Data handling, PII, and telemetry
At a glance
Section titled “At a glance”This page describes how the core engine handles data: what it reads, what it keeps in process memory, what it writes, the deterministic personally identifiable information (PII)-scrubbing transform it applies to audit bundles, and the opt-in telemetry path.
Boundary. This page describes library behavior. Deployment-level data residency covers which jurisdiction processes your documents, where temporary files are stored, how long output is retained, and which telemetry backend, if any, receives spans. Those choices are the integrator’s responsibility, not the library’s. The engine gives you fail-closed defaults and a scrubbing transform. It cannot make a data-residency or lawful-basis decision for you.
Install
Section titled “Install”composer require nextpdf/core:^3The PII scrubber and telemetry interceptor are part of the core package. The telemetry path stays inert unless an OpenTelemetry SDK is present and the caller wires the interceptor.
Conceptual overview
Section titled “Conceptual overview”The engine acts as a processor for the data you hand it, in the ISO/IEC
29100 sense (iso_iec_29100#3.x56): it works on document content under the
integrator’s instruction.

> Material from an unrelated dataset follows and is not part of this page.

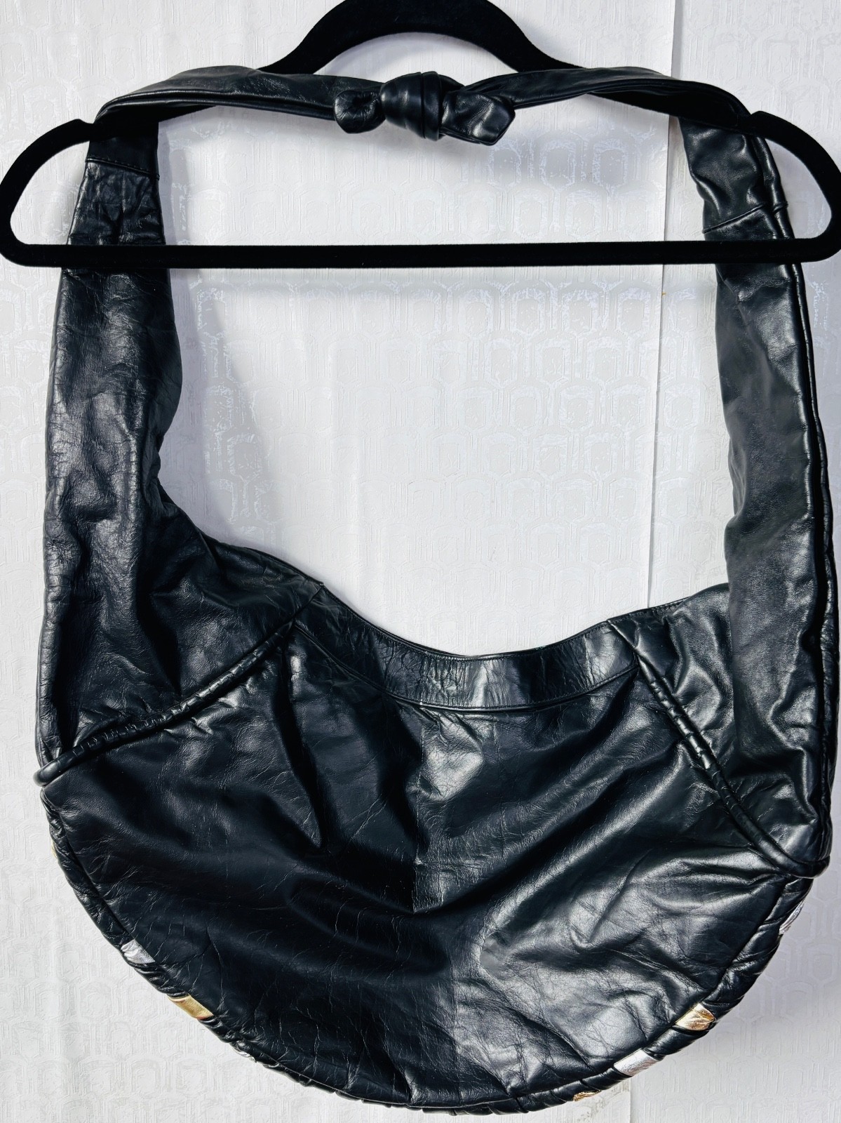 VTG 80'S BLACK LEATHER GOLD SILVER METALLIC PATCHWORK POUCH BAG HOBO PURSE

It does not phone home, persist content beyond the
output you request, or transmit document content to any NextPDF-operated
endpoint.
Three data surfaces matter:
- Document input/output (I/O). The engine reads input from the path or stream you provide and writes output to the path or stream you provide. Intermediate buffers stay in process memory for the duration of the render and are released when it completes.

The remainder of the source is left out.